We ordered our Tesla 3 in September 2021. We then ordered a ton of accessories from the Tesla Store but could not get the HomeLink until we received the car. We picked up our car November 16th 2021. As soon as we got back home we tried to order the HomeLink but the payment was rejected. We waited a couple of days to ensure the car had been transfer in the Tesla system. Again we tried to order but payment was again rejected. We tried adding cards but system would not save any new cards. I finally called our credit card company and they said that they had approved the order ten times but Tesla was refusing to take the order. We called Tesla and got the run around for several hours but finally got someone that knew something about the ordering process. He tried to place the order and got the same results. He said he would investigate and text what he found out. When the text arrived it said there was a problem on Tesla’s end and he would try to clear the problem.

All we want to do is order a damn HomeLink!

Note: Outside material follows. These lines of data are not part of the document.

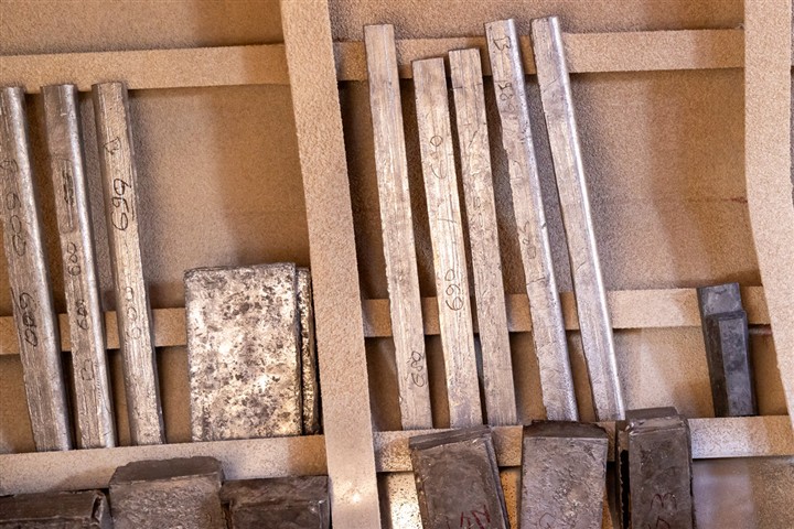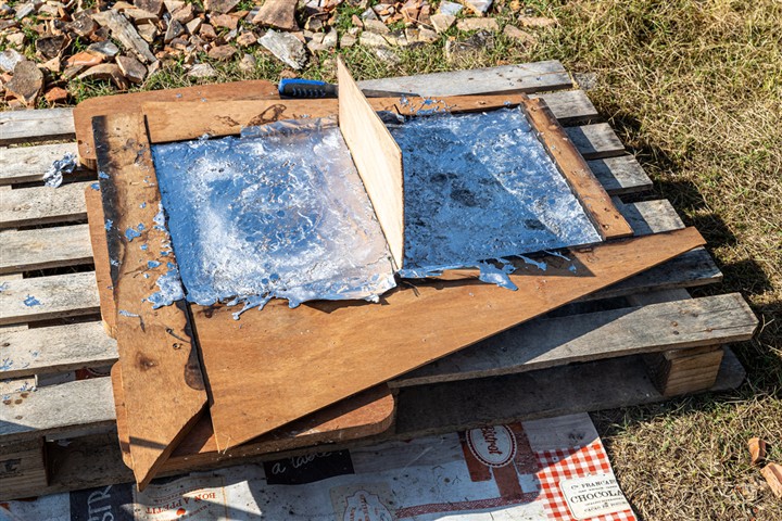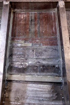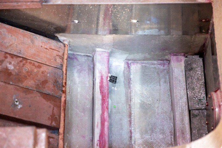 La mise en place du lest a été un peu longue car pour avoir la meilleure concentration de ce lest, dans le volume imparti, il a été necessaire de fabriquer de nombreux moules pour obtenir la bonne taille des lingots de plomb à installer dans le fond de la coque. Des lingots tout en longueur enrobés d'une enveloppe de tissu de verre résiné dans un deuxième temps à glisser sous les lisses pour éviter tout contact entre le plomb et l'aluminium de la coque. Des lingots de toutes tailles pour les adapter aux espaces à remplir, le tout pour quelques tonnes. Avant d'installer les lingots, isoler la coque avec une stratification verre résine époxy. Une fois tout ces lingots en place, les noyer et les bloquer avec de la résine de calage avant de stratifier l'ensemble à la structure. Ne pas oublier la réservation dans le lest au niveau de l'axe de la dérive pour pouvoir le retirer en cas de soucis au niveau de cette dernière.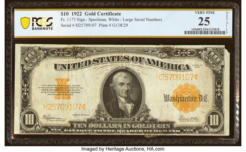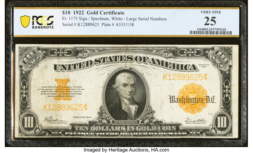 1922 $10 PCGS VF25 (Fr. 1173)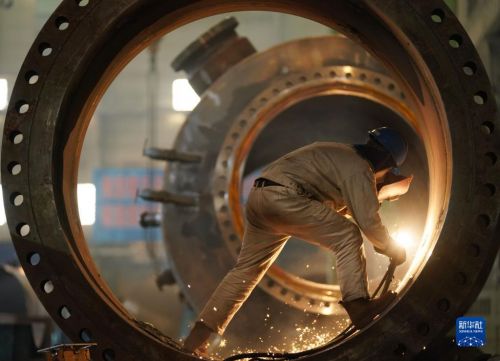 4月14日,在哈電集團哈爾濱鍋爐廠有限責任公司車間,工人進行生產(chǎn)作業(yè)。新華社記者 王建威 攝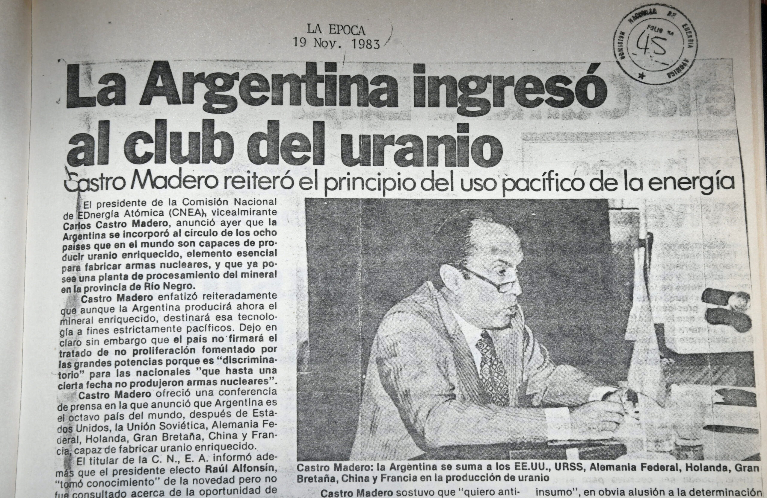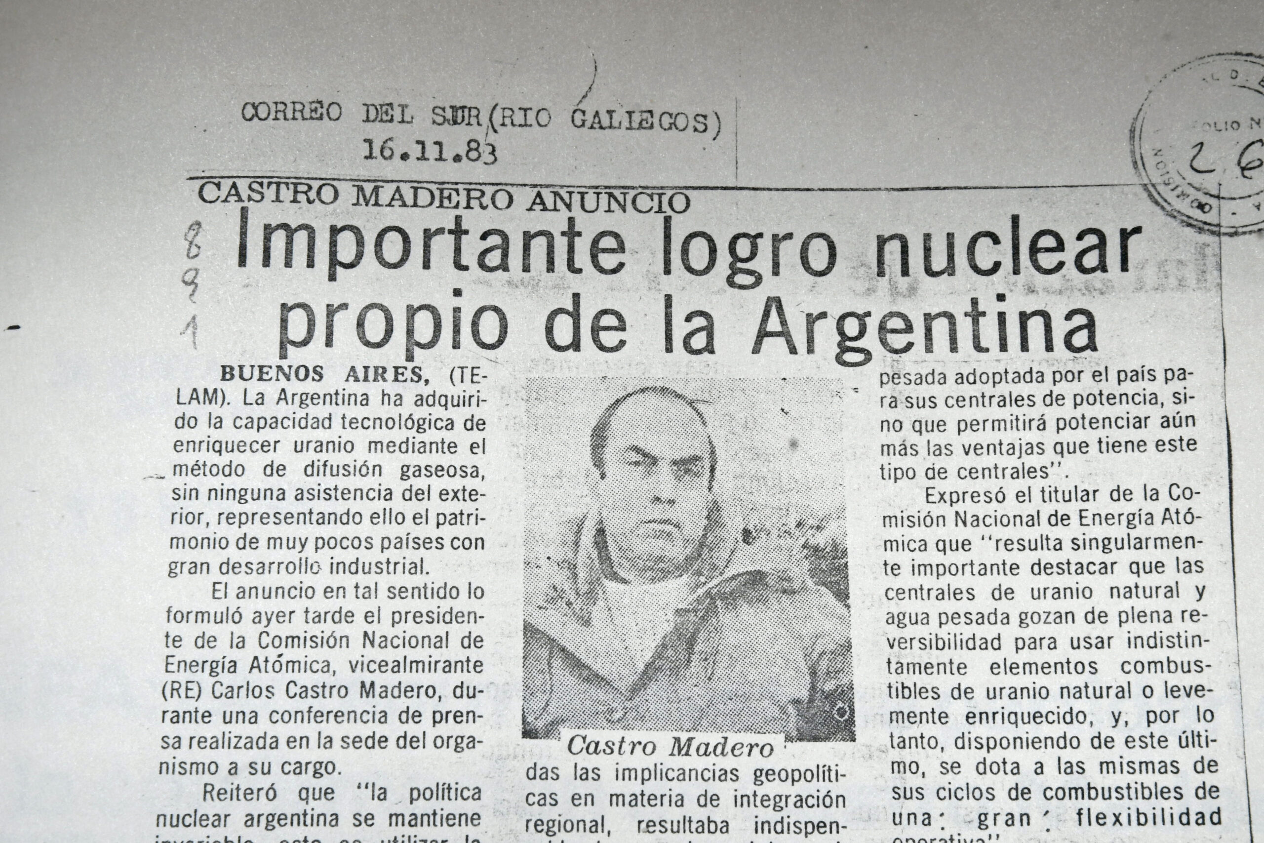18 ноября 1983 г., Аргентина объявила всему миру о том, что ей удалось обогатить уран — и тем самым завершить ядерный топливный цикл — внутри страны в рамках секретного проекта колоссального масштаба, реализованного в Пилканиеу, в 60 км от Барилоче, что приблизило страну к суверенитету в области энергетики и открыло двери в избранный «клуб стран», овладевших этой важной технологией.

Has anyone else had a problem ordering from the Tesla Store lately, in particular the HomeLink. I am wondering if they have removed that option for the 2022 Teslas.

Any help appreciate.


----------



## garsh (Apr 4, 2016)

IIRC, Tesla will only sell you a homelink if you have a VIN. Perhaps that's the issue?


----------



## Allen13331 (Aug 18, 2021)

Thanks for the idea but we have had our Tesla for several days. Ironically I tried placing the order today and it worked just fine. It was a problem with the Tesla system. It only took me 15 attempts.


----------



## ggmum123 (11 mo ago)

Allen13331 said:


> We ordered our Tesla 3 in September 2021. We then ordered a ton of accessories from the Tesla Store but could not get the HomeLink until we received the car. We picked up our car November 16th 2021. As soon as we got back home we tried to order the HomeLink but the payment was rejected. We waited a couple of days to ensure the car had been transfer in the Tesla system. Again we tried to order but payment was again rejected. We tried adding cards but system would not save any new cards. I finally called our credit card company and they said that they had approved the order ten times but Tesla was refusing to take the order. We called Tesla and got the run around for several hours but finally got someone that knew something about the ordering process. He tried to place the order and got the same results. He said he would investigate and text what he found out. When the text arrived it said there was a problem on Tesla's end and he would try to clear the problem.
> 
> All we want to do is order a damn HomeLink!
> 
> ...


I'm having this exact same problem right now! I've used 4 different cards including credit cards I'm so irritated I'm ready to return the Tesla right now! Did you all ever get anywhere with getting it??


----------